La vitesse avec laquelle on confectionne, et jeté les habits est à revoir. Toute notre vie terrestre, on est entourés, bercés accompagnés par les textiles. On a oublié leur valeur, la peine avec laquelle on exploite, colorie, confectionne et tout l’effort et l’amour des personnes qui font partie de tous ces processus. Pour moi ce parcours est parallèle au nôtre, et donc l’ignorer ou pire le banaliser c’est d’oublier un peu notre humanité.

Comment percevez-vous cette spiritualité ́ et l’innovation créative à travers vos pièces émouvantes et parfois surprenantes qui entremêlent des thèmes intimes ?

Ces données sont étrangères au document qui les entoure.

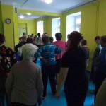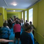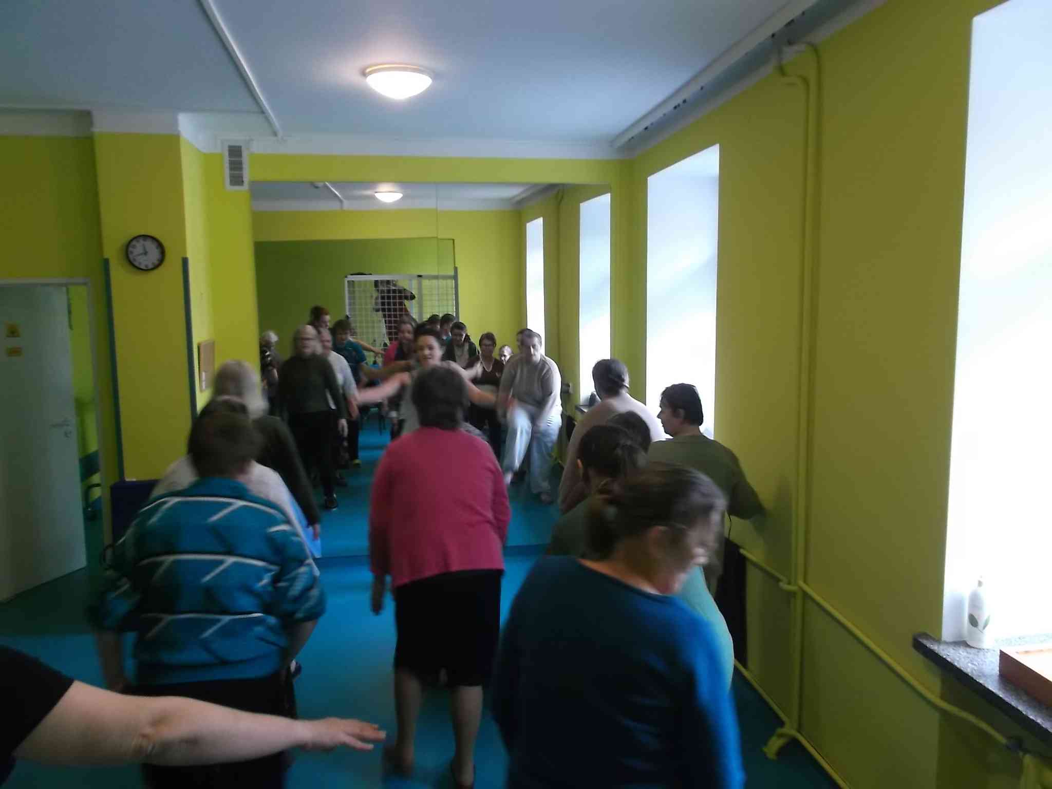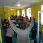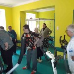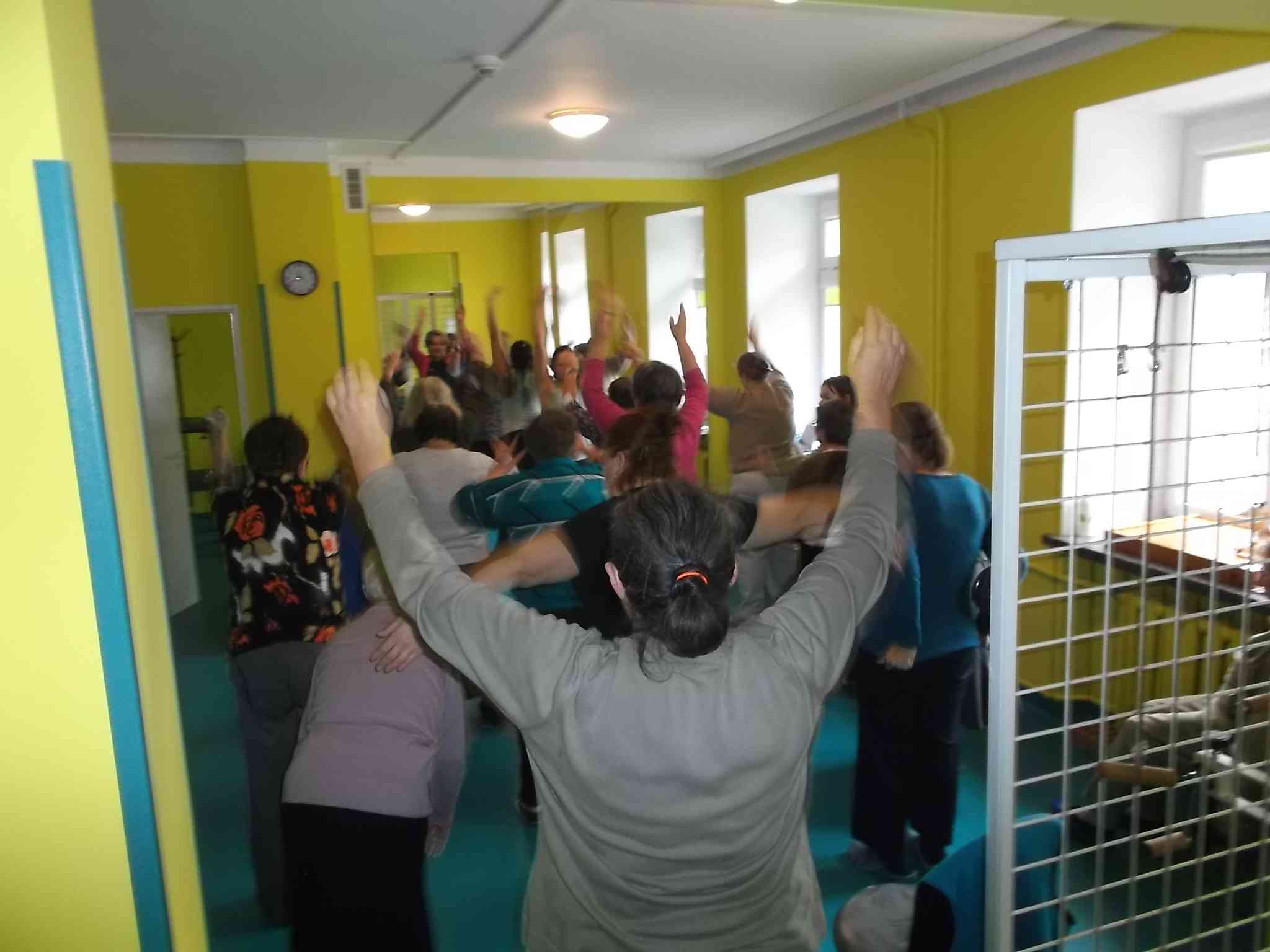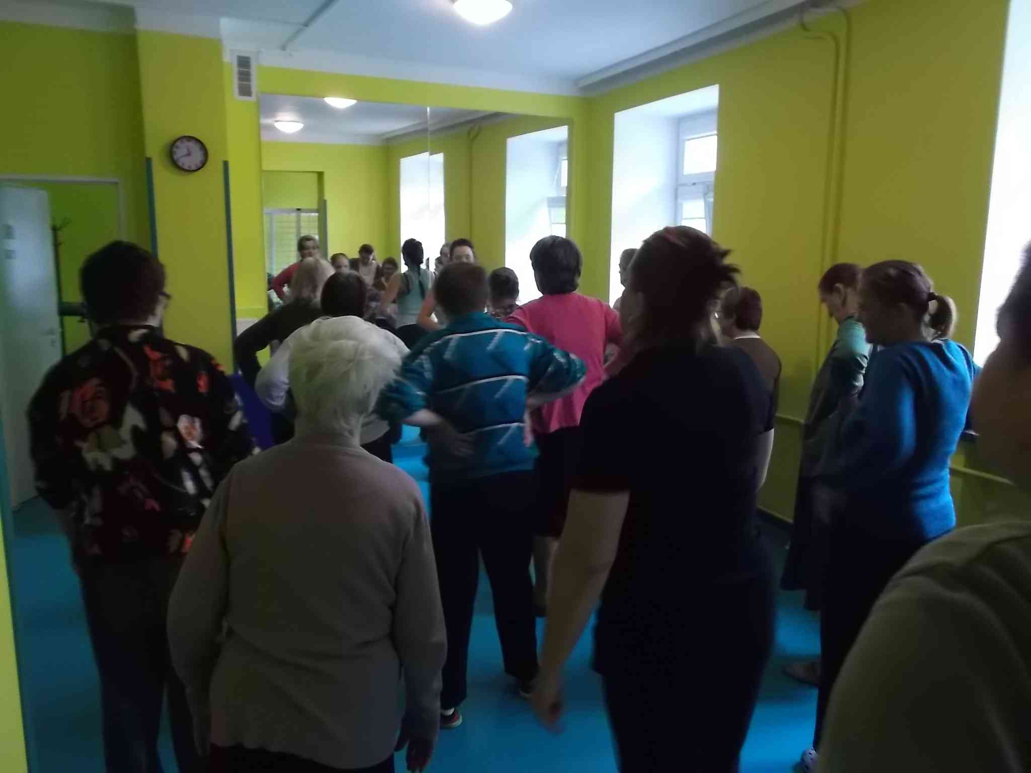 W czwartki zapraszamy mieszkanki do sali rehabilitacji na zajęcia fitness. Panie chętnie ćwiczą pod kierunkiem fizjoterapeutek.

Mes œuvres sont le fruit de ma compréhension de la spiritualité. Ma vie et mes expériences. Elles sont créées en méditant et priant et j’espère qu’elles créent aussi un espace / moment de méditation pour le spectateur à son tour. Elles sont innovantes, car je n’adresse pas les choses de façon directe. Une amie et collègue dit que la poésie est plus puissante que des paroles. J’emploie des symboles personnels, et métaphores pour exprimer mes idées. Si je prêche, je le fais à l’oblique.

Que devait-on finalement retenir du monde intérieur de Peter ?

J’espère toucher mon audience en partageant mon histoire. Qu’ils partagent également la leur pour enrichir le monde.